Neuroanatomy
Neuroanatomy is the specialized study of the structure and organization of the nervous system in both humans and animals. This complex system, which includes the brain and spinal cord, operates through a network of electrical impulses that transmit information throughout the body. The human brain, weighing approximately 3.5 pounds, is an intricate organ comprising billions of neurons and trillions of supportive glial cells, responsible for regulating vital functions and processing sensory information. Neuroanatomy encompasses both the central nervous system (CNS), which includes the brain and spinal cord, and the peripheral nervous system (PNS), which connects the CNS to the rest of the body.
Historically, the understanding of neuroanatomy has evolved significantly, beginning from ancient civilizations that held varied beliefs about the brain's significance. Key figures such as Hippocrates and Galen laid foundational theories, while Renaissance scholars like Leonardo da Vinci advanced anatomical illustrations and insights. Modern neuroanatomy benefits from advanced imaging and microscopic technologies, allowing deeper exploration of the nervous system's intricacies. Understanding neuroanatomy not only enhances knowledge of brain function and disorders but also fosters appreciation for the complexity of human biology and its variations across species.
On this Page
Subject Terms
Neuroanatomy
Anatomy is the study of an organism's structure and includes several branches of study. Neuroanatomy is the specific study of the organization of the nervous system in both animals and humans. The nervous system is an extremely complex network of electrical impulses that relays messages to and from the brain. The brain then interprets that information and sends out instructions for a response to the rest of the body.

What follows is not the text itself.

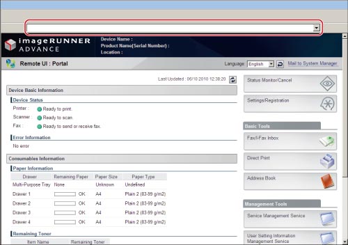 The e-mail address to set for the imageRUNNER ADVANCE machine.

The history of neuroanatomy is lengthy and well documented. Ancient Egyptians, Romans, and Greeks all explored the human body and its organ functions. The oldest document mentioning the brain is a medical papyrus from Egypt. Known as the Edwin Smith Surgical Papyrus, it was written between 3000 and 2500 B.C.E. Scholars including Hippocrates, Plato, Alcmaeon of Croton, Galen, and Leonardo da Vinci were fascinated by and made extensive studies of neuroanatomy. Since that time, medical science and understanding regarding the human brain and nervous system have expanded greatly. With modern technology, neuroanatomical exploration is able to extend to the smallest neuron and map out the functions of the various sections of the brain.
Brief History
Ancient peoples held various beliefs concerning the seat of human thought, emotion, intelligence, and the senses. Many of the ancient Egyptians believed the brain was a useless lump of gooey tissue, and ridded their mummies of it quickly and with no sentiment. The dominant belief among Egyptians and Mesopotamians was that the heart was the organ of greatest importance. The author of the Edwin Smith Surgical Papyrus described two severe head wounds that had exposed brain tissue and how the living brain was fluttering and throbbing under the surgeon's hands. Furthermore, the document describes the effects of brain injury on gross motor functions, such as speech and movement, and includes a physical description of the anterior fontanelle, the meninges, and cerebrospinal fluid.
By the fifth century B.C.E., Hippocrates taught that sensations, emotions, and thoughts originate from the brain. He believed that it was because of the brain that humans suffered ailments such as insomnia or insanity. Ultimately, he declared that the brain was the most powerful organ within the human body. Alcmaeon of Croton traced the main sensory nerves back to the brain and his teachings encouraged the practice of dissection and anatomical study. Two early Greek physicians were the first to make systematic and scientific studies of human remains. Herophilus and Erasistratus offered the first glimpse of the structure of the human brain and nervous system.
Aristotle made the first mention of the cerebellum in the fourth century B.C.E. and Galen wrote about its functions. Erasistratus distinguished the cerebrum at the front of the skull from the cerebellum, which is at the back.
The earliest known illustration of the brain in Western history is included in an eleventh century manuscript. Discoveries in neuroanatomy continued to be made over the centuries, and during the Renaissance period, Leonardo da Vinci made detailed drawings of the brain. After an experiment with ox brains in the early 1500s, he discovered that the ventricles within it contain cerebrospinal fluid. Vesalius published the first drawing of the base of the brain while Archangelo Piccolomini recognized the distinction between the white and grey matter of the brain.
It wasn't until the invention of technology capable of examination on a molecular level that scientists were able to advance understanding of the structure and function of the nervous system. Applying microscopic and electric technology provided insight about the neurological network.
Overview
Neuroanatomy is grouped under the field of cognitive neuroscience, along with neurobiology and neuropsychology. The anatomical aspects of the nervous system include the brain, spinal cord, and their related parts. Although the brain only weighs roughly 3.5 pounds, it contains billions of neurons, trillions of glial (support) cells, and more than one thousand trillion synapses. Visually, the brain is pinkish-gray and mushy; a double handful of fluttering, quivering tissue that is the control center for the nerve network. It is protected by bone, membrane, and fluid and uses 20 percent of the body's oxygen and glucose supply. Without either, the brain often suffers irreversible damage from cellular death.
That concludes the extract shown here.